Jeffrey G. Madrick is a journalist, economic policy consultant and analyst. He is editor of Challenge: The Magazine of Economic Affairs, visiting professor of humanities at The Cooper Union, and director of policy research at the Schwartz Center for Economic Policy Analysis, The New School. He was educated at New York University and Harvard University, and was a Shorenstein Fellow at Harvard.

He is a columnist for Harper's Magazine, a regular contributor to The New York Review of Books, and a former economics columnist for The New York Times. He has also contributed to online publications such as the Daily Beast and the Huffington Post.

Madrick is the author of several books, including Taking America and The End of Affluence, both of which were New York Times Notable Books of the Year. Taking America was also chosen by Business Week as one of the ten best books of the year.

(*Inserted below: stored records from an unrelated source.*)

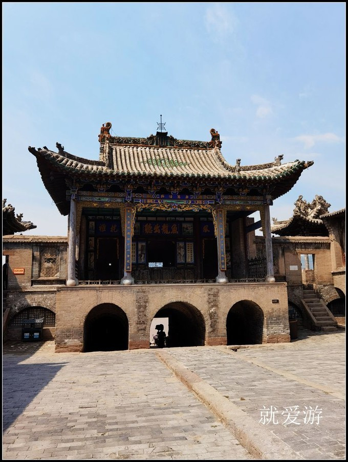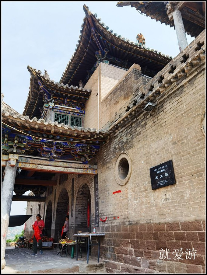 碛口古镇黑龙庙中的乐楼,这座乐楼的音响效果极为奇特,不用扩音设备,万人看戏,声音清脆,乃至响彻数里。所以每逢古会隆节,秦晋两省四乡群众观光游览都络绎不绝。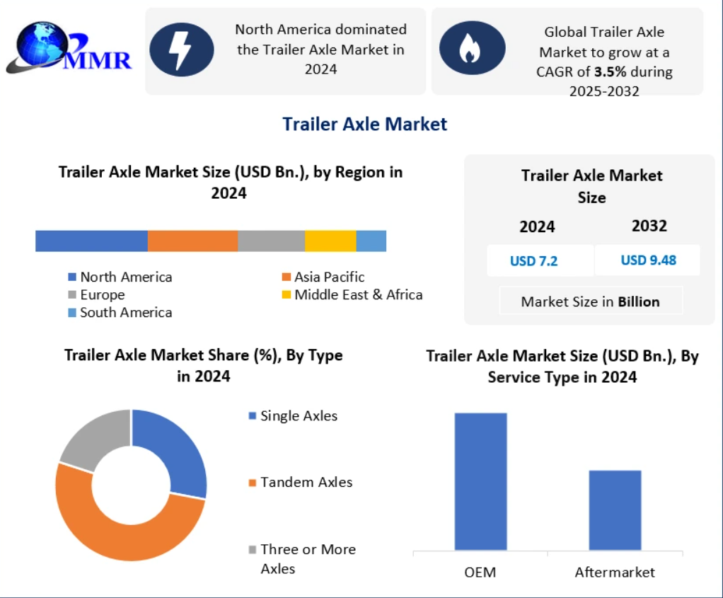 The Global Trailer Axle Market was valued at USD 7.2 billion in 2024 and is projected to reach approximately USD 9.48 billion by 2032, growing at a CAGR of 3.5% during the forecast period. The market growth is driven by increasing demand for medium to heavy-duty trailers, the adoption of lightweight materials, and the rising need for fuel-efficient, durable axle solutions.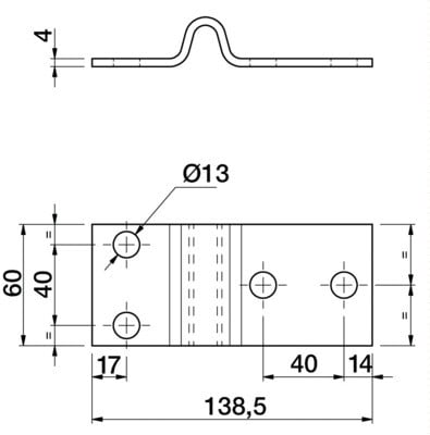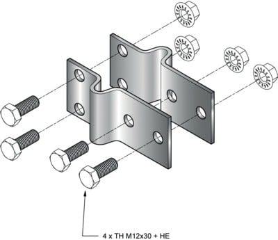 Bride VBIQ 80, hauteur 60mm, longueur 140mm, , finition GC. Pièce d'assemblage perpendiculaire pour montant I 80 et pendard HI 80, livrée avec 4 boulons TH M12x30 +HE GM.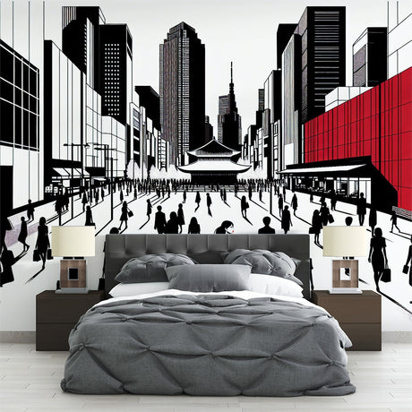 De £28.90£33.90Prix unitaire /IndisponiblePapier Peint Mural Japonais Urbain | Vie Urbaine Moderne avec Accent Rouge
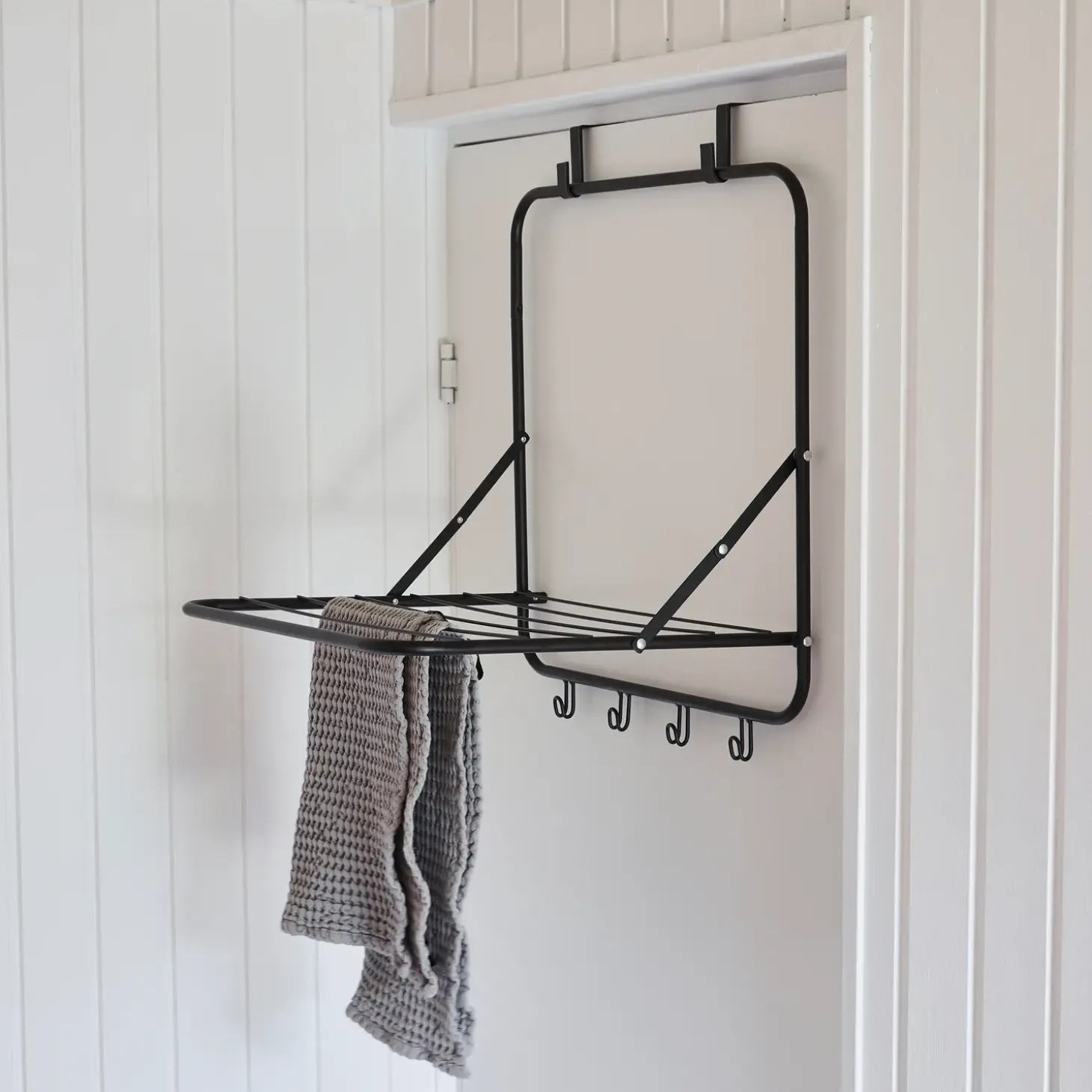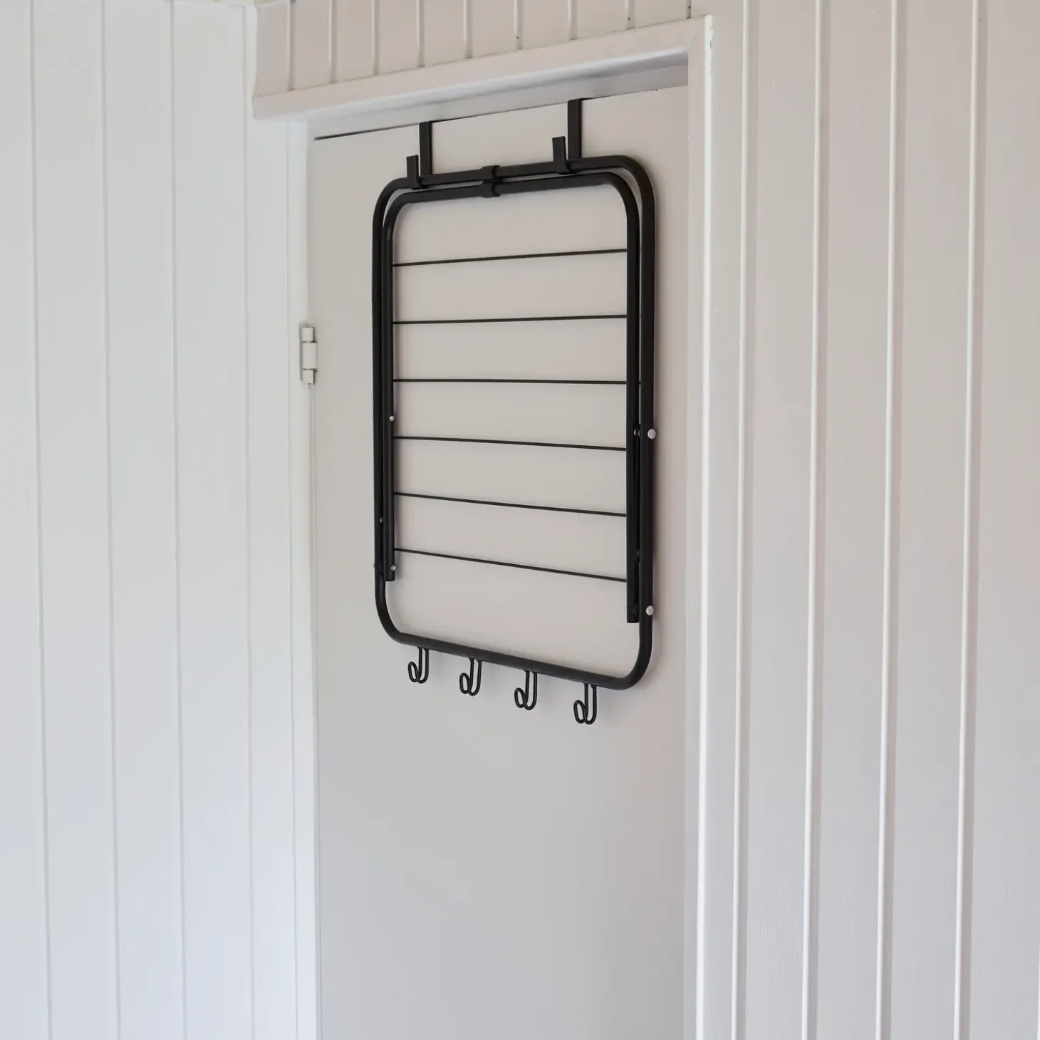 Smart lille tørrestativ til at hænge op på døre med to kroge, optager meget lidt plads og kan anvendes såvel hjemme, som i sommerhus, campingvogn m.m.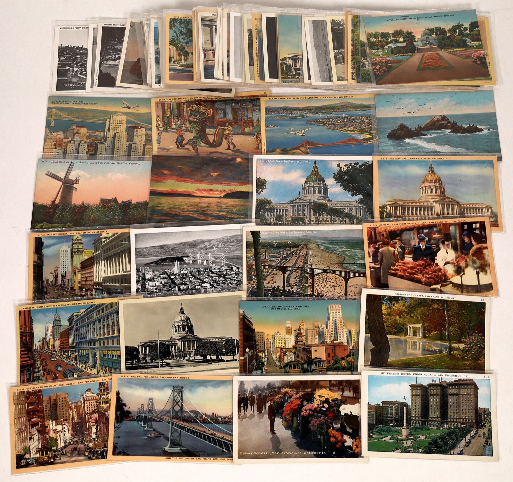 Collection of 96 postcards, both RPC and Litho of colorful and black and white San Francisco scenes from the 1910s-1940s. Most are blank, with five bearing stamps and San Francisco cancels from 1911, 1929, 1940, 1944 and 1949.

His book The Case for Big Government was named a Finalist (runner-up) for the PEN Galbraith General Non-Fiction Award for 2007-2008.

His latest book, Age of Greed: The Triumph of Finance and the Decline of America, 1970 to the Present, is a history of the American economy since 1970, which argues that deregulation of the financial sector allowed the industry to do tremendous damage to the American economy.

He has written for many other publications, including The Boston Review, The Washington Post, The Los Angeles Times, Institutional Investor, The Nation, American Prospect, The Boston Globe, Newsday, and the business, op-ed, and magazine sections of The New York Times. He has appeared on Charlie Rose, The NewsHour with Jim Lehrer, NOW With Bill Moyers, Frontline, CNN, CNBC, CBS, and NPR. He was formerly finance editor of Business Week Magazine and an NBC News reporter and commentator. His awards include an Emmy and a Page One Award.

He has served as a policy consultant for Sen. Edward M. Kennedy and other U.S. legislators.

Bibliography

Books

 Taking America: How We Got from the First Hostile Takeover to Megamergers, Corporate Raiding, and Scandal Beard Books, 2003. 
 The Case for Big Government. Princeton, N.J.: Princeton University Press, 2009.  
 Age of Greed: The Triumph of Finance and the Decline of America, 1970 to the Present. New York: Alfred A. Knopf, 2011. 
 Seven Bad Ideas: How Mainstream Economists Have Damaged America and the World. New York: Alfred A. Knopf, 2014.  
 Invisible Americans: The Tragic Cost of Child Poverty. New York: Alfred A. Knopf, 2020.

Essays and reporting

References

External links

Bibliography at the New York Review of Books
No New Taxes: The Case for Big Government by Jeff Madrick in the Boston Review, Jan/Feb 2009
Review of "The Case for Big Government" in the Mises Review, Spring 2009
Review of "The Case for Big Government" in the New York Review of Books, Mar 12 2009
Review of "The Case for Big Government" in the New York Times, Jan 18 2009
Critics:Executive pay cuts a sop to taxpayers, NPR.com, Oct 23, 2009.

21st-century American economists
American male journalists
American political writers
Harvard University alumni
New York University alumni
Living people
Year of birth missing (living people)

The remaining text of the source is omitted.